(RECORDS FOR THIS TASK Opens)

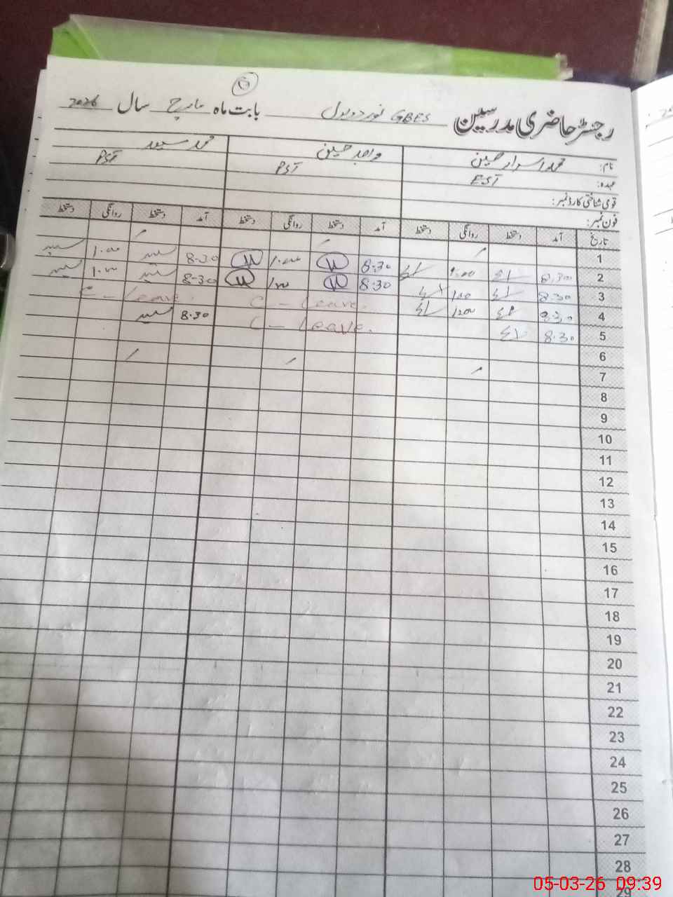 | CNIC | Full Name | Designation | R/C | Absence during last cal. month |
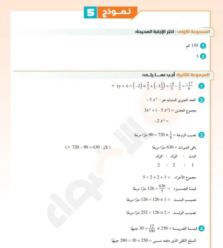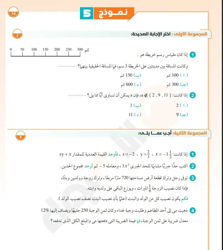 وجاء سؤال ثاني:ذهبت مى إلى أحد المطاعم وطلبت وجبة غداء وكان ثمن الوجبة 250 جنيهًا ويضاف إليها 12% معدل ضريبة على ثمن الوجبة، فما قيمة الضريبة التي دفعتها مى والمبلغ الكلي الذي تدفعه؟
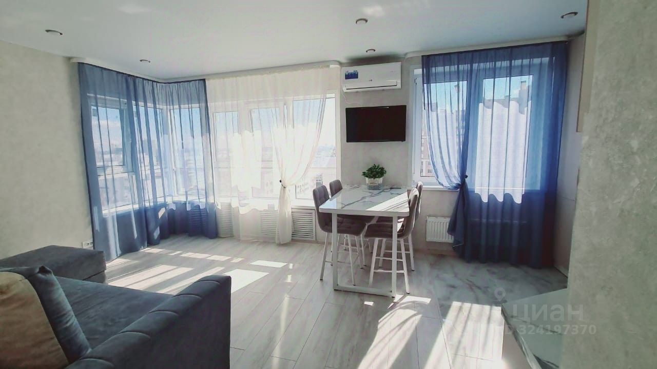Квартира в отличном состоянии, сделан дизайнерский ремонт. Во всей квартире установлены пластиковые окна. Филенчатые межкомнатные двери в едином стиле. На полу уложен ламинат высокого качества, и напольная плитка, потолки натяжные с точечными светильниками. Совмещенный санузел под ключ, кафель. Входная бронированная дверь.
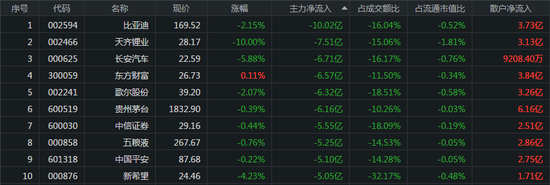 比亚迪、天齐锂业、长安汽车分别遭主力资金卖出10.02亿元、7.15亿元、6.71亿元。
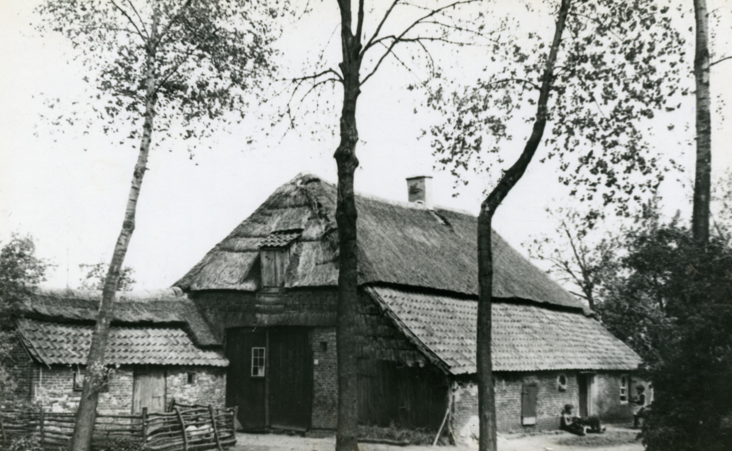De achterzijde van een boerderij in Berghem. Links staat een aangebouwd varkenshok.
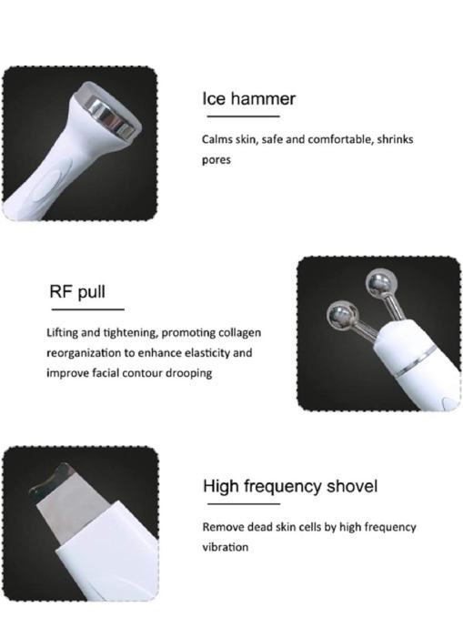 2. Ultrazvučna ručka - ultrazvučna vibracija 1.000.000-3.000.000 puta u minuti za otvaranje pora, suština brze infiltracije na temelju kože, stopa upijanja kože više od 90%
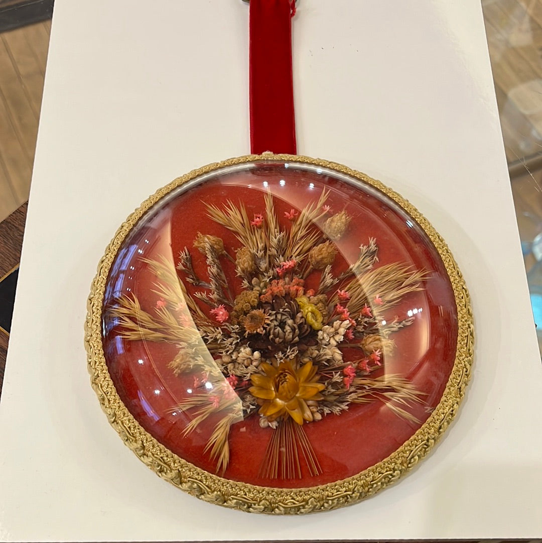 Dried flowers arranged over a red background with a woven edge. Round domed glass encloure with a a red velvet ribbon at the top to hang it. Handmade in Belgium.

(RECORDS FOR THIS TASK Closes)

## TASK DESCRIPTION
The answer must be the lines of the entries above, written out exactly from the first through the one with "比亚迪、天齐锂业、长安汽车分", and no pictures.

## SOLUTION TO THE EXERCISE
 | CNIC | Full Name | Designation | R/C | Absence during last cal. month |
 وجاء سؤال ثاني:ذهبت مى إلى أحد المطاعم وطلبت وجبة غداء وكان ثمن الوجبة 250 جنيهًا ويضاف إليها 12% معدل ضريبة على ثمن الوجبة، فما قيمة الضريبة التي دفعتها مى والمبلغ الكلي الذي تدفعه؟
Квартира в отличном состоянии, сделан дизайнерский ремонт. Во всей квартире установлены пластиковые окна. Филенчатые межкомнатные двери в едином стиле. На полу уложен ламинат высокого качества, и напольная плитка, потолки натяжные с точечными светильниками. Совмещенный санузел под ключ, кафель. Входная бронированная дверь.
 比亚迪、天齐锂业、长安汽车分别遭主力资金卖出10.02亿元、7.15亿元、6.71亿元。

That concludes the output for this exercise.